_Assignment_
Return the whole listing, line for line, without the pictures in it.

_The data_
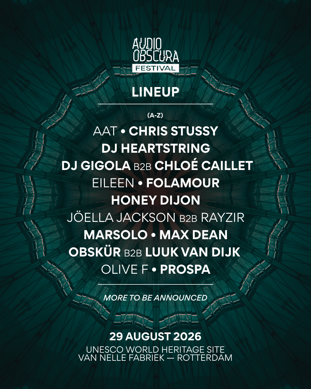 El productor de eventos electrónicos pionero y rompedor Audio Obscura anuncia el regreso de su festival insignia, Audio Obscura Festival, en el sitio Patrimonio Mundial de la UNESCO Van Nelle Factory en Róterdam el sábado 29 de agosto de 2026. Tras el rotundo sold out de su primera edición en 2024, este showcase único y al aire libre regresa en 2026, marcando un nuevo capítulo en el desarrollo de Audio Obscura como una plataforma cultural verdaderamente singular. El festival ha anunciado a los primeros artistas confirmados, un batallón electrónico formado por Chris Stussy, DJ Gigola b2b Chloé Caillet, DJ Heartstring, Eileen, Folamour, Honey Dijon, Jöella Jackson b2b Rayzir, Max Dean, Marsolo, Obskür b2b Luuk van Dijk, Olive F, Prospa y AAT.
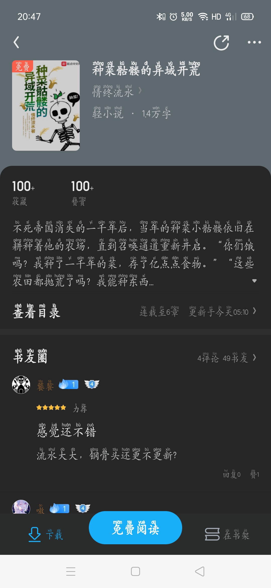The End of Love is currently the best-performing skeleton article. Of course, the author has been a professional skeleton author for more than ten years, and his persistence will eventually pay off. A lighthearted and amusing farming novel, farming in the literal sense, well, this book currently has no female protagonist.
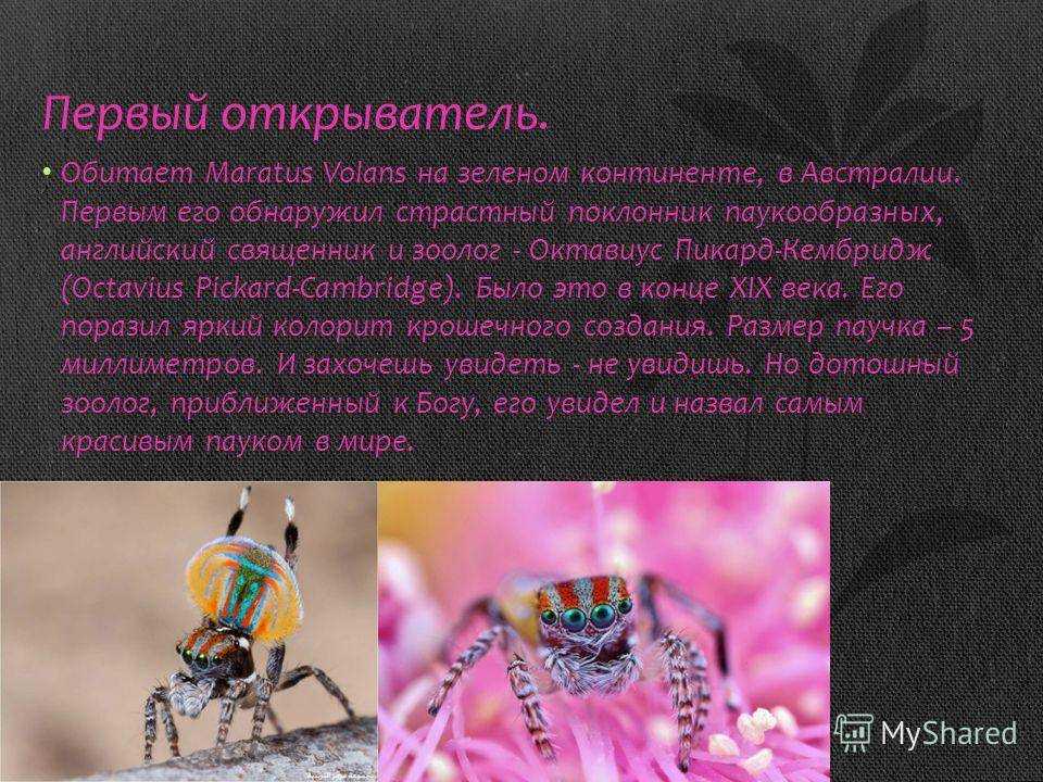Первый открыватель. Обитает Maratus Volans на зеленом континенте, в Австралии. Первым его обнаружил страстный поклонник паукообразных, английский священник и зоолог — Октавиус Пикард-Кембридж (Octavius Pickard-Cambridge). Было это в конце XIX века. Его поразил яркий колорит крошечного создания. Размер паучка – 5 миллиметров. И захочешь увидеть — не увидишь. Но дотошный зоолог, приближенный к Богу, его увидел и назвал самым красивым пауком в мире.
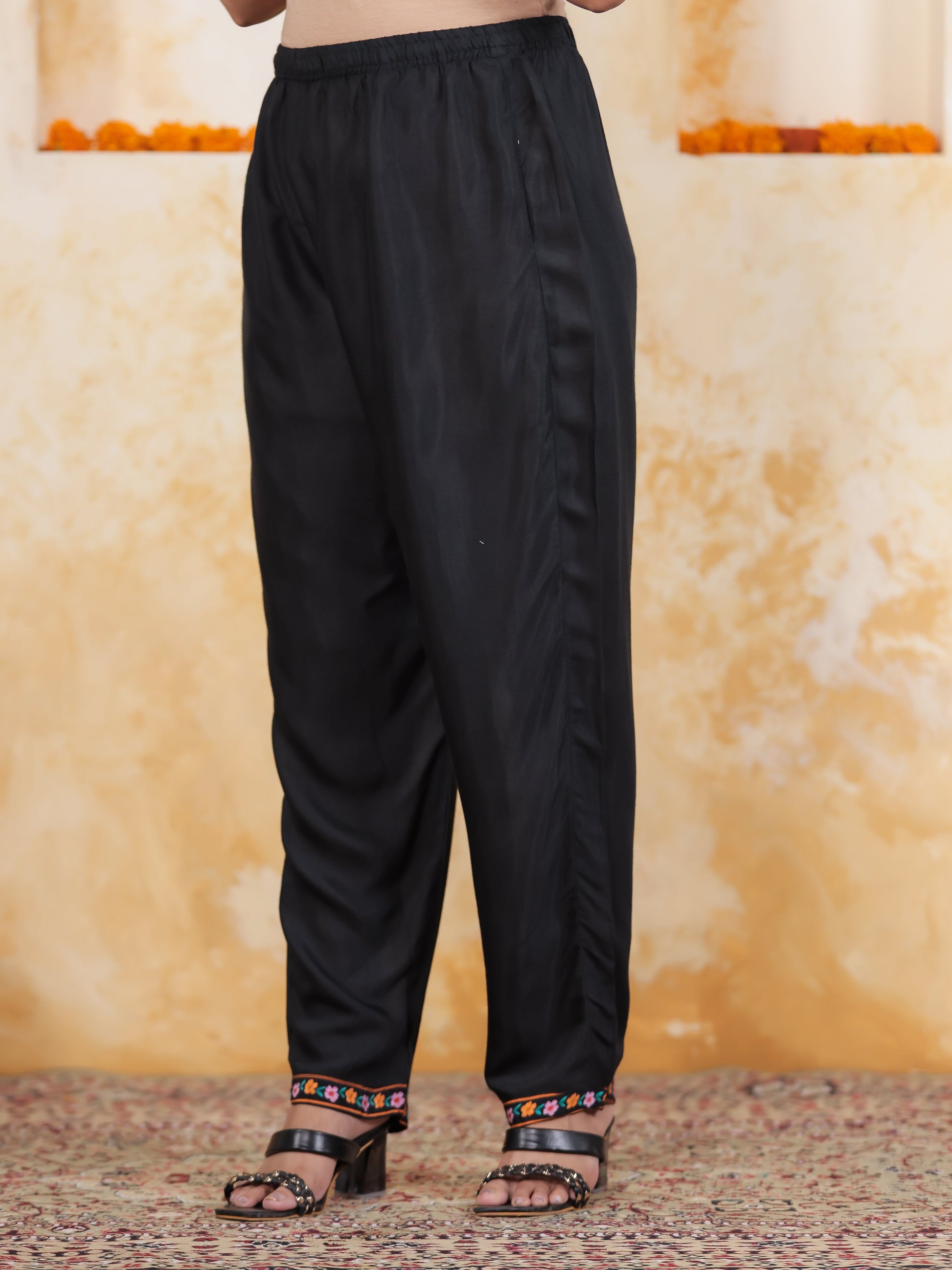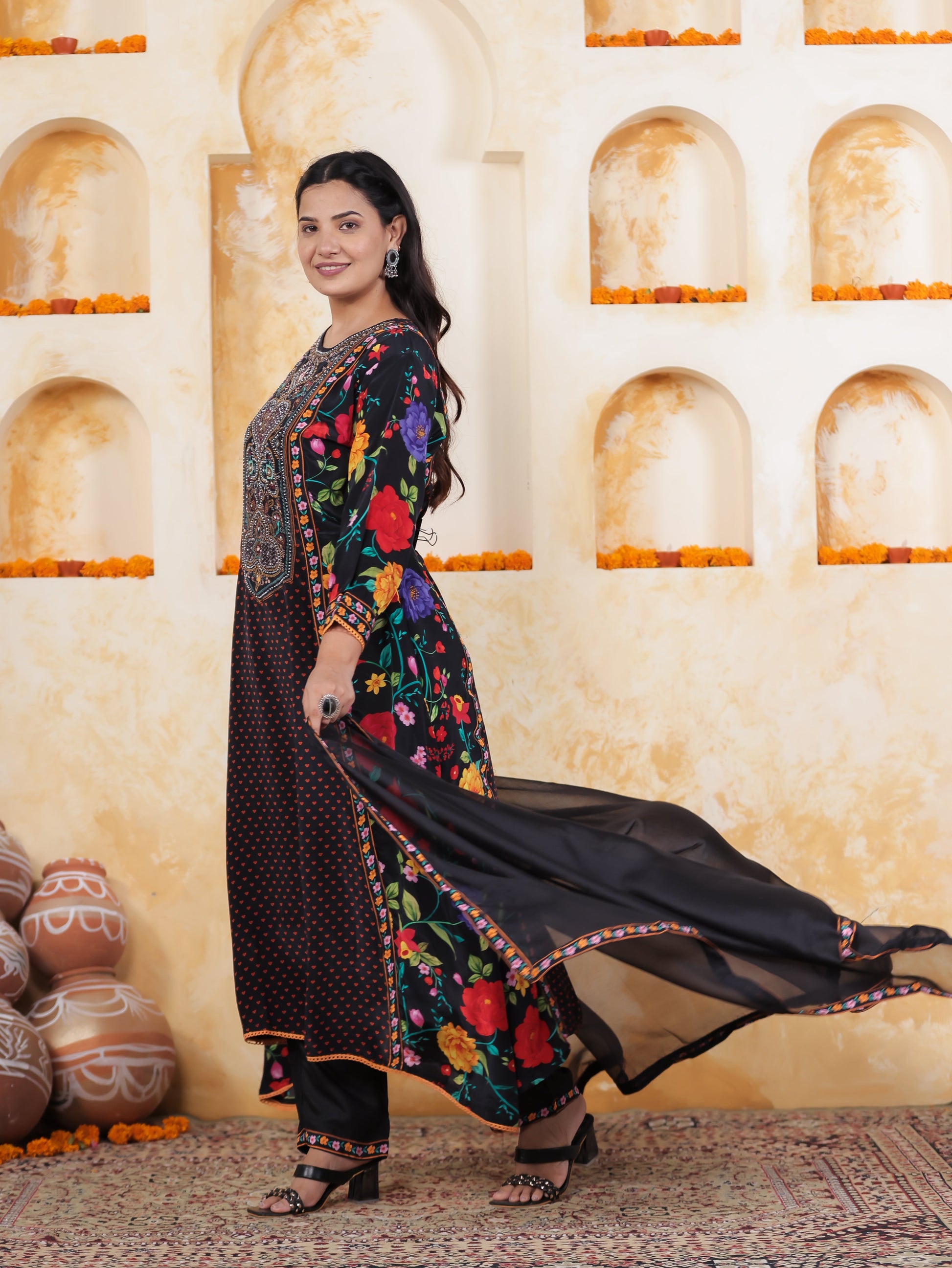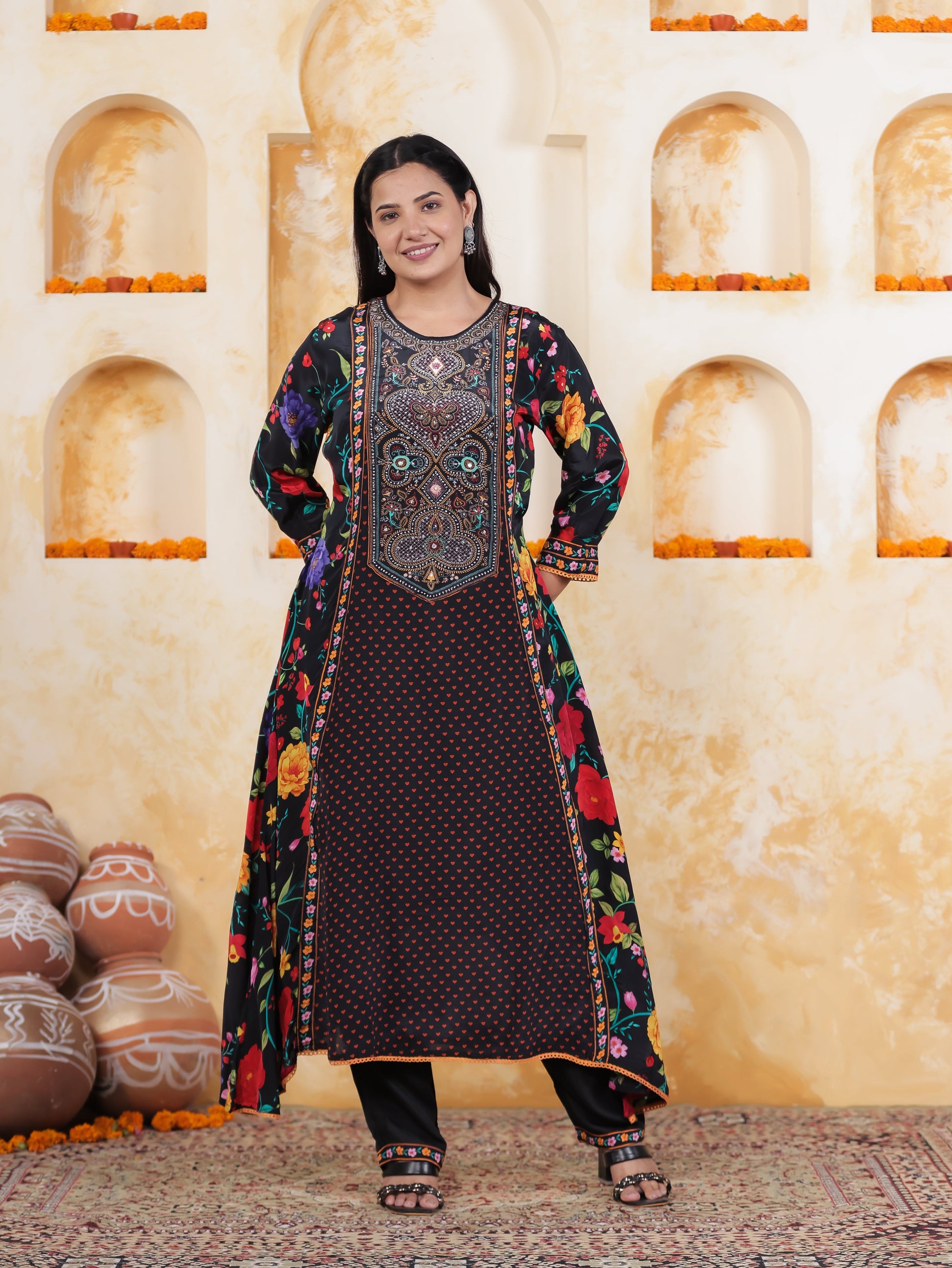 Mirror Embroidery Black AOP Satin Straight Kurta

_Solution to the problem_
 El productor de eventos electrónicos pionero y rompedor Audio Obscura anuncia el regreso de su festival insignia, Audio Obscura Festival, en el sitio Patrimonio Mundial de la UNESCO Van Nelle Factory en Róterdam el sábado 29 de agosto de 2026. Tras el rotundo sold out de su primera edición en 2024, este showcase único y al aire libre regresa en 2026, marcando un nuevo capítulo en el desarrollo de Audio Obscura como una plataforma cultural verdaderamente singular. El festival ha anunciado a los primeros artistas confirmados, un batallón electrónico formado por Chris Stussy, DJ Gigola b2b Chloé Caillet, DJ Heartstring, Eileen, Folamour, Honey Dijon, Jöella Jackson b2b Rayzir, Max Dean, Marsolo, Obskür b2b Luuk van Dijk, Olive F, Prospa y AAT.
The End of Love is currently the best-performing skeleton article. Of course, the author has been a professional skeleton author for more than ten years, and his persistence will eventually pay off. A lighthearted and amusing farming novel, farming in the literal sense, well, this book currently has no female protagonist.
Первый открыватель. Обитает Maratus Volans на зеленом континенте, в Австралии. Первым его обнаружил страстный поклонник паукообразных, английский священник и зоолог — Октавиус Пикард-Кембридж (Octavius Pickard-Cambridge). Было это в конце XIX века. Его поразил яркий колорит крошечного создания. Размер паучка – 5 миллиметров. И захочешь увидеть — не увидишь. Но дотошный зоолог, приближенный к Богу, его увидел и назвал самым красивым пауком в мире.
 Mirror Embroidery Black AOP Satin Straight Kurta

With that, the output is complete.